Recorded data
• • • • • • •

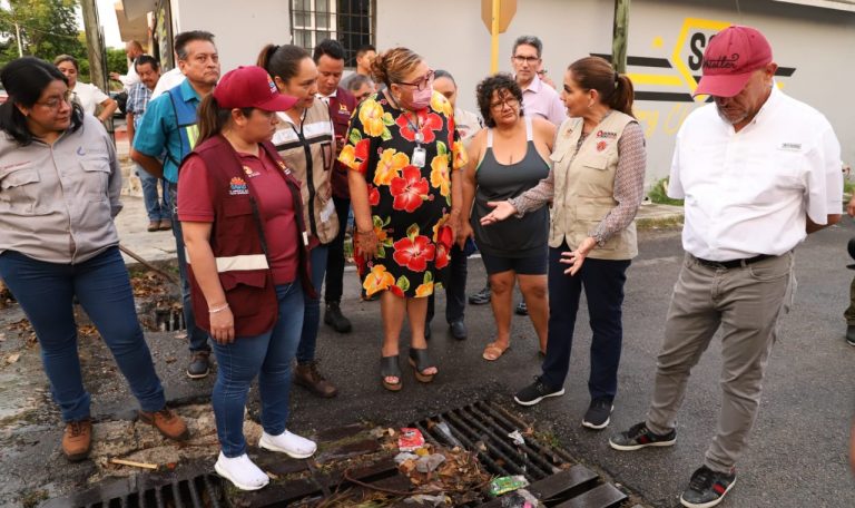 La presidenta municipal othonense garantizó la atención a los 56 puntos críticos de inundaciones en Chetumal, los cuales ya son atendidos de la mano de los órdenes de gobierno, como el caso de la calle Belmopán en el fraccionamiento “El Centenario”, sitio donde los reportes son frecuentes.
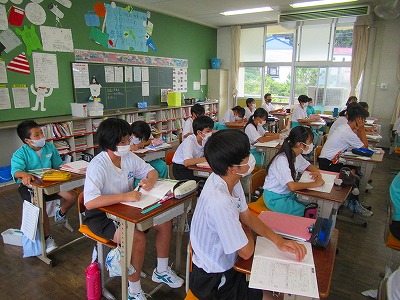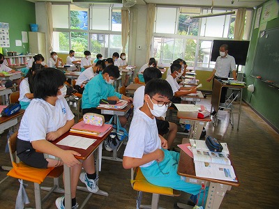 1A…理科 前時は、赤ワインからエタノールを取り出そう」の実験結果をもとに考察を行いました。今日は提出をした考察が返され、その評価についての説明を聞いているところでした。
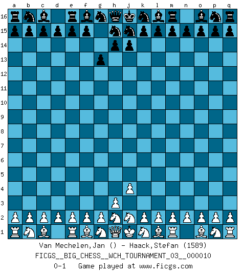 Last move : 0-1 2016 December 1 16:3:17 [Event "FICGS__BIG_CHESS__WCH_TOURNAMENT_03__000010"] [Site "FICGS"] [Date "2016.11.07"] [Round "1"] [White "Van Mechelen,Jan"] [Black "Haack,Stefan"] [Result "0-1"] [WhiteElo ""] [BlackElo "1589"] 1.j3-j4 g15-g13 0-1 Follow this game move after move (download)Pawn endings are to Chess what putting is to golf. (Cecil Purdy) Das Spiel gibt uns die Genugtuung, die das Leben uns versagt. (Emanuel Lasker) El Ajedrez es un terrible juego. Si no controlas el centro, tu oponente tiene una posición mas holgada. Si tienes control del centro, ¡entonces realmente tu tienes algo de que preocuparte!. (Siegbert Tarrasch) L'ordinateur a tué l'originalité. Il n'y a plus guère d'aventures sur l'échiquier. (Jacob Murray) Life is the sum of all your choices. (Albert Camus)
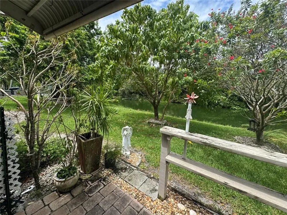 This charming residence FULLY FURNISHED features: Upgrades throughout, including hurricane-impact windows and a mirrored dining area that enhances natural light. A spacious enclosed patio overlooking the peaceful canal perfect for morning coffee, reading, or simply enjoying tranquil water views. A half-bath for added convenience and a comfortable bedroom retreat with nearby full bath.
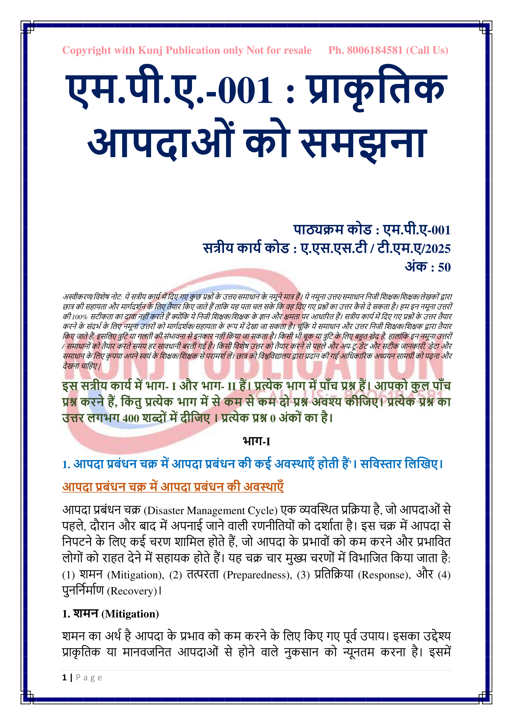 IGNOU MPA-001 SOLVED ASSIGNMENT 2025 HINDI MEDIUM

• • • • • • •

What to produce = Copy out all the data exactly. No images belong in the copy.

Answer for the task =
 La presidenta municipal othonense garantizó la atención a los 56 puntos críticos de inundaciones en Chetumal, los cuales ya son atendidos de la mano de los órdenes de gobierno, como el caso de la calle Belmopán en el fraccionamiento “El Centenario”, sitio donde los reportes son frecuentes.
 1A…理科 前時は、赤ワインからエタノールを取り出そう」の実験結果をもとに考察を行いました。今日は提出をした考察が返され、その評価についての説明を聞いているところでした。
 Last move : 0-1 2016 December 1 16:3:17 [Event "FICGS__BIG_CHESS__WCH_TOURNAMENT_03__000010"] [Site "FICGS"] [Date "2016.11.07"] [Round "1"] [White "Van Mechelen,Jan"] [Black "Haack,Stefan"] [Result "0-1"] [WhiteElo ""] [BlackElo "1589"] 1.j3-j4 g15-g13 0-1 Follow this game move after move (download)Pawn endings are to Chess what putting is to golf. (Cecil Purdy) Das Spiel gibt uns die Genugtuung, die das Leben uns versagt. (Emanuel Lasker) El Ajedrez es un terrible juego. Si no controlas el centro, tu oponente tiene una posición mas holgada. Si tienes control del centro, ¡entonces realmente tu tienes algo de que preocuparte!. (Siegbert Tarrasch) L'ordinateur a tué l'originalité. Il n'y a plus guère d'aventures sur l'échiquier. (Jacob Murray) Life is the sum of all your choices. (Albert Camus)
 This charming residence FULLY FURNISHED features: Upgrades throughout, including hurricane-impact windows and a mirrored dining area that enhances natural light. A spacious enclosed patio overlooking the peaceful canal perfect for morning coffee, reading, or simply enjoying tranquil water views. A half-bath for added convenience and a comfortable bedroom retreat with nearby full bath.
 IGNOU MPA-001 SOLVED ASSIGNMENT 2025 HINDI MEDIUM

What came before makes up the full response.